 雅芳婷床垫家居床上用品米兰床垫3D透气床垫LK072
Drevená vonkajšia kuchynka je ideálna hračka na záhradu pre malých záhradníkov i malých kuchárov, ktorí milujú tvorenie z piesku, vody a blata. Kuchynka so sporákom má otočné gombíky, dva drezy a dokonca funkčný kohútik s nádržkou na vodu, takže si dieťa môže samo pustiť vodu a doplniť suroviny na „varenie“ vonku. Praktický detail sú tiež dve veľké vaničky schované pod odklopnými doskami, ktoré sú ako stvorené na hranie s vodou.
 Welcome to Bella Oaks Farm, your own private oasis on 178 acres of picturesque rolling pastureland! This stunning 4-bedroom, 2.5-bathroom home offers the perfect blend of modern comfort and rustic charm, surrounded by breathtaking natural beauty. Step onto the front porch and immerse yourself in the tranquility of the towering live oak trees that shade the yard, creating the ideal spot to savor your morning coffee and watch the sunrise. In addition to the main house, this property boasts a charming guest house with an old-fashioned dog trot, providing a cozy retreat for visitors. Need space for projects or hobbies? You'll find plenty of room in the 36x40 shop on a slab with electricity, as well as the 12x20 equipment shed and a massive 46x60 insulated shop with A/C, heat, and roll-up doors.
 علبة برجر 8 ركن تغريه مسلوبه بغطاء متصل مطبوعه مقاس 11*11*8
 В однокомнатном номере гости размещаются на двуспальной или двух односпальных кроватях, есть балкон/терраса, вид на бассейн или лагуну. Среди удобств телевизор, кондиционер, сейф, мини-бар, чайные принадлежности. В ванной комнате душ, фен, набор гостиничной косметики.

* * *

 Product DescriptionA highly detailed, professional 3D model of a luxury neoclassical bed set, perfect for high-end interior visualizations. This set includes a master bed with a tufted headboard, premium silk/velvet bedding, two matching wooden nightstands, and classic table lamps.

...

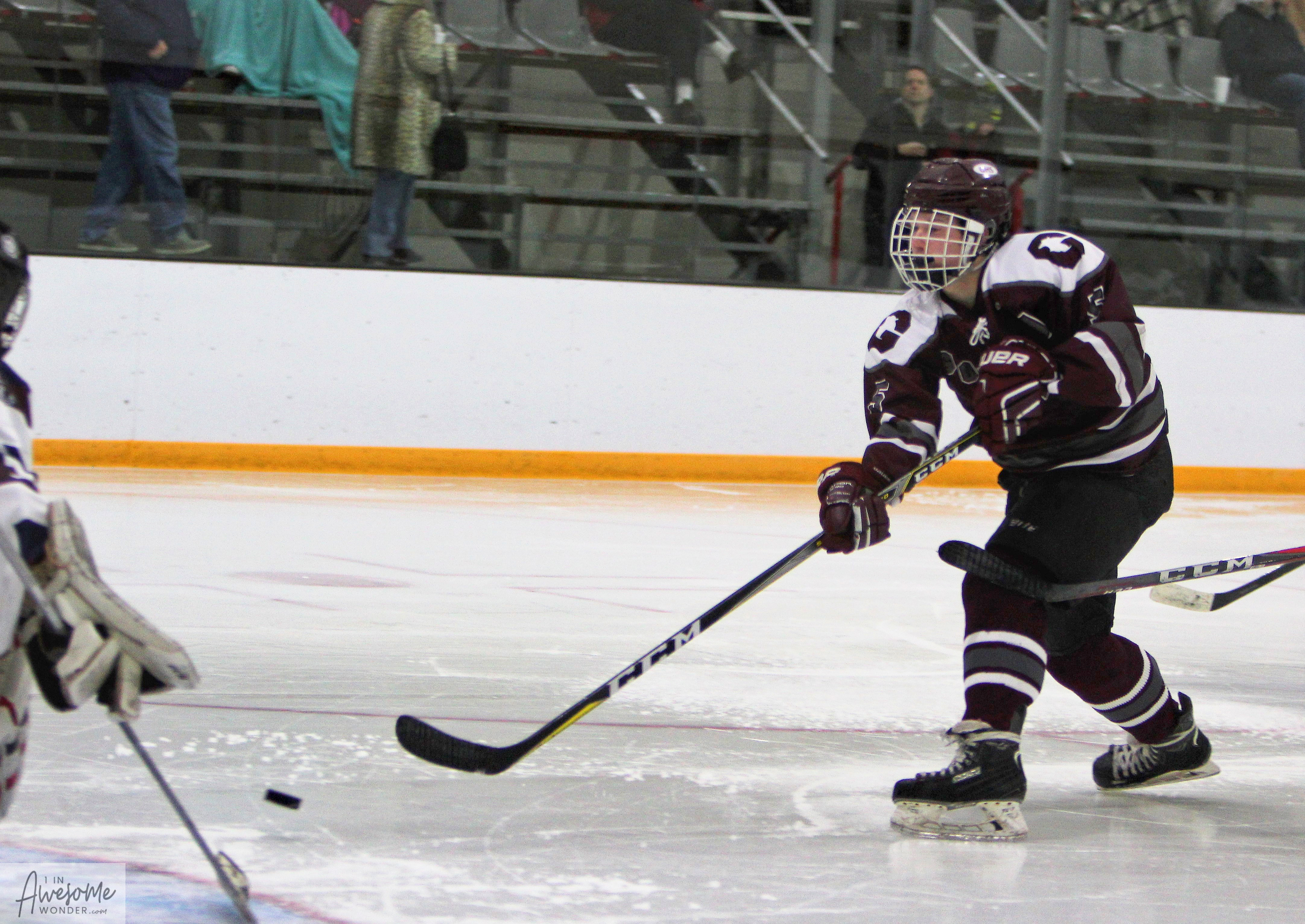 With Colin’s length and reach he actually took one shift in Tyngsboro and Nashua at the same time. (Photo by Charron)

• [Problem to work on] From the records above, quote only the lines running from the line with "علبة برجر 8" to the line with "В однокомнатном номере", both lines included.

• [Exercise response]
 علبة برجر 8 ركن تغريه مسلوبه بغطاء متصل مطبوعه مقاس 11*11*8
 В однокомнатном номере гости размещаются на двуспальной или двух односпальных кроватях, есть балкон/терраса, вид на бассейн или лагуну. Среди удобств телевизор, кондиционер, сейф, мини-бар, чайные принадлежности. В ванной комнате душ, фен, набор гостиничной косметики.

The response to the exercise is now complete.